Die Zigeunergruppe suchte Schutz vor einem Unwetter in einem kleinen Dorf in der Nähe von Meuselwitz. Meuselwitz hieß damals noch Mizleboze. Ja, lacht nur, es ist ein lustiger Name für ein Dorf, das nach dem gleichnamigen Rittergut benannt wurde.
Der Ort, den die Zigeuner aufsuchten, nannte sich Brossen, das unweit von Mizleboze lag. Die Leute in diesem Dorf waren sehr misstrauisch allen Fremden gegenüber. Noch misstrauischer waren sie Zigeunern gegenüber, die schon damals keinen besonders guten Ruf hatten. Ihnen wurde nachgesagt, alles zu stehlen, das nicht niet- und nagelfest war. Außerdem sollten sie mit dem Teufel im Bunde gewesen sein.
Mummenschanz sagen wir heute. Aber im Mittelalter war dieser Mummenschanz bitterer Ernst. So bitterer Ernst, dass Menschen dafür auf Scheiterhaufen einen grausamen Tod sterben mussten.
Der Tag, an dem die Zigeunertruppe Brossen aufsuchte, war kein guter. Es regnete, ein Sturm war aufgezogen. Je später es dem Abend zuging, desto schlimmer wurde es. Die Zigeuner kamen durchnässt, hungrig und entkräftet in Brossen an. Sie hielten auf dem Dorfplatz und baten die Bewohner des Dorfes um Schutz. Ein Eckchen in einer Scheune hätte ihnen genügt, um am nächsten Tag mit neuen Kräften weiterziehen zu können.
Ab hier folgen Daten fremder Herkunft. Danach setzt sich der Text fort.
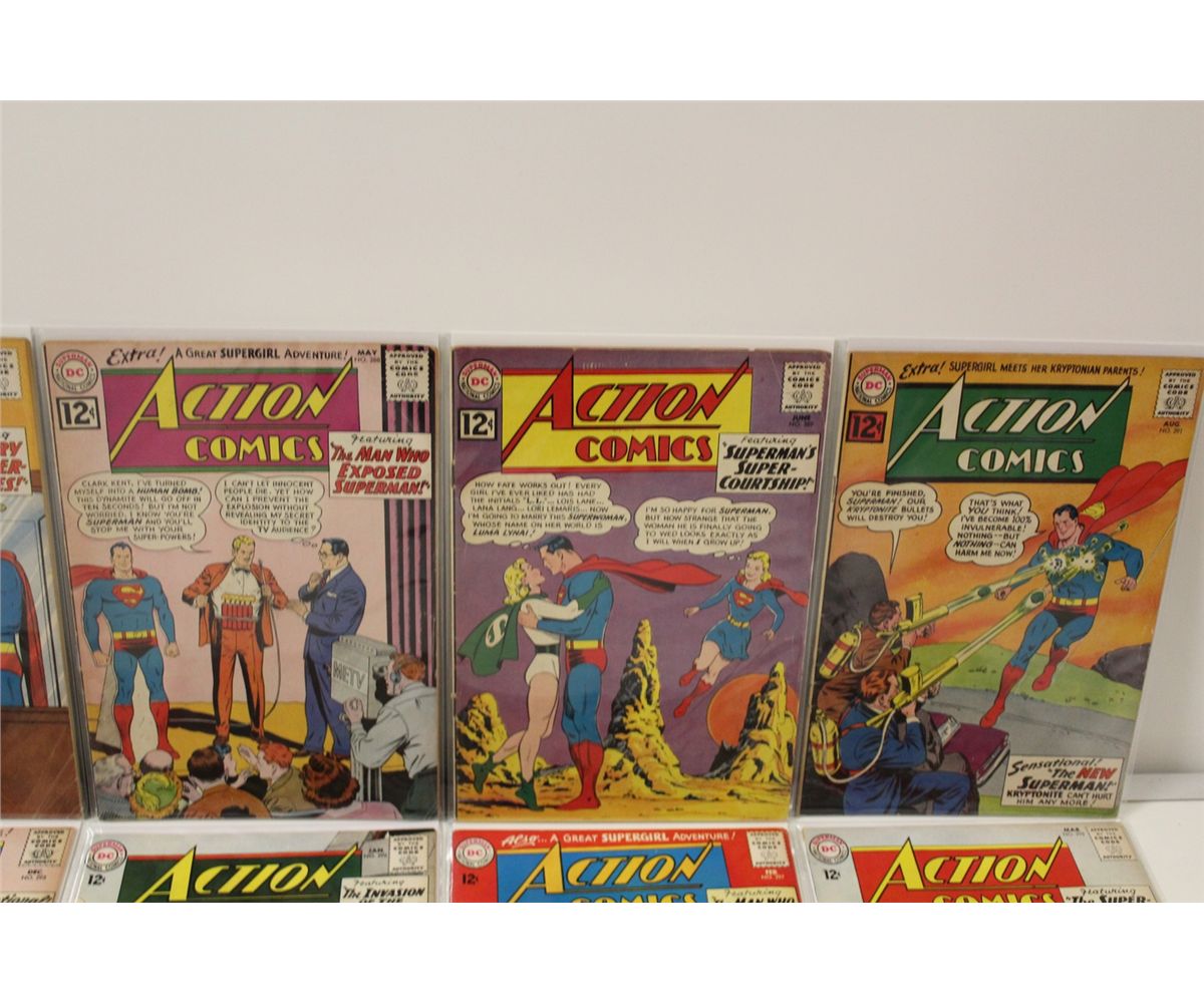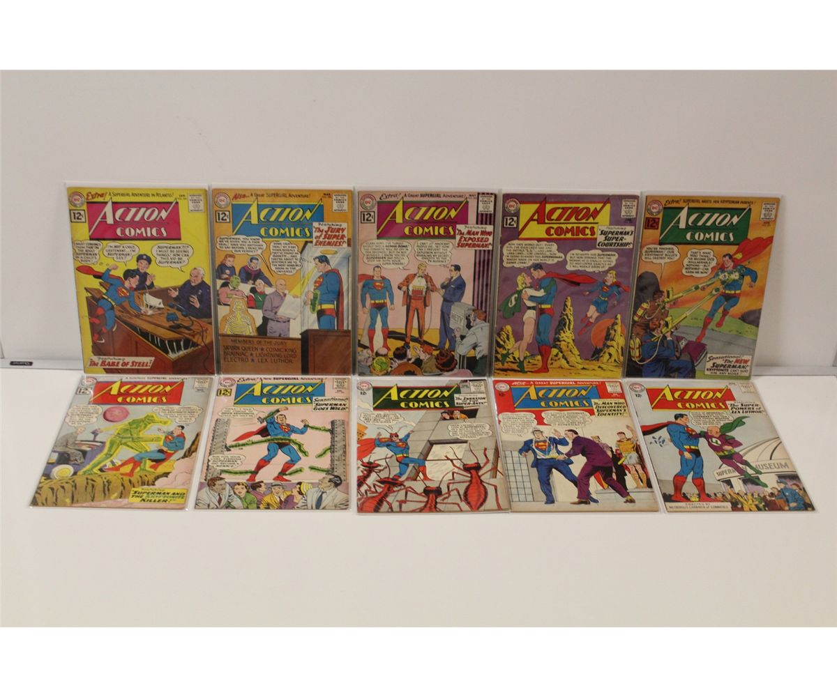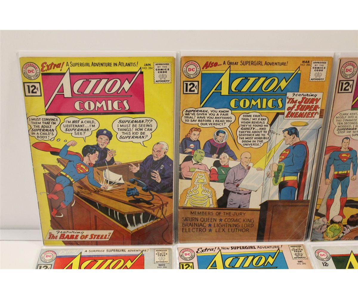 ACTION COMICS #284-298 (1962-63) NEAR COMPLETE RUN OF 10 DIFFERENT EARLY SILVER AGE ISSUES. INCLUDES #284, 286, 288-289, 291 & 294-298. SHARP MID GRADE AVERAGE, GLOSSY, TIGHT & SUPPLE, VERY NICE RUN!

Doch kein einziger der Dorfbewohner wollte sich den Reisenden annehmen. Nein, es kam sogar noch viel arger. Die Dörfler verschworen sich. Obwohl viele Angst vor Gewitter und Unwetter hatten, die Angst vor den Zigeunern überwog.
Gemeinsam trieben sie die Truppe aus dem Dorf. Die Zigeuner waren froh, mit dem Leben davongekommen zu sein. Sie flohen auf einen nahen Acker, wo sie am Feldrain unter Bäumen lagerten. Viele von ihnen hatten mehr Angst vor den Dorfbewohnern als die Dorfbewohner vor ihnen.
Nur eine alte Zigeunerfrau hatte Mut. Sie ging zurück und stellte sich den Dörflern. Aber diese ließen nicht mit sich reden. Mit solchen verruchten Leuten wollten sie nichts zu tun haben. Die Alte redete sich den Mund fusselig, bettelte, bot alles an, was sie ihr Eigen nannte. Nichts half. Sie blieben stur und verweigerten jedwede Hilfe.
Die Dorfmeute brauste auf, drohte noch mehr. Das taten sie so lange, bis die alte Zigeunerin schnellstens die Füße in die Hand nahm und vor ihnen floh.
Nur eins ließ sie sich nicht nehmen. Sie verfluchte Brossen und deren Bewohner. Mutig stellte sie sich ein letztes Mal den Leuten und schrie ihnen ihren Fluch entgegen. „Auf ewig sollt ihr das Unglück anziehen“, oder so ähnlich. Der genaue Wortlaut des Fluches ist mir leider nicht bekannt.
Was denkt Ihr, was geschah?
In der gleichen Nacht schlugen Blitze in einige Häuser im Dorf ein. Feuer brachen aus und vernichteten alles. Bei Rettungs- und Löscharbeiten kamen Menschen ums Leben. Die Ernte auf dem Feld um das Dorf, verschimmelte.
Sogar in der heutigen Zeit wirkt sich der Fluch noch auf die Umgebung aus. An Brossen führt die Bundesstraße 180 von Zeitz in Richtung Meuselwitz/ Altenburg vorbei. Auf dieser Straße geschehen mehr Unfälle als anderswo im Landkreis. Oft enden die Unglücke sogar tödlich.
Ob dies alles noch mit dem Fluch zu tun hat? Wer weiß, keiner kann etwas beweisen. Und doch gibt es Dinge zwischen Himmel und Erde, die wir uns nicht erklären können. Dazu gehören bestimmt auch die Flüche der Zigeuner. Wohl dem, er keinen Fluch am Hacken hat.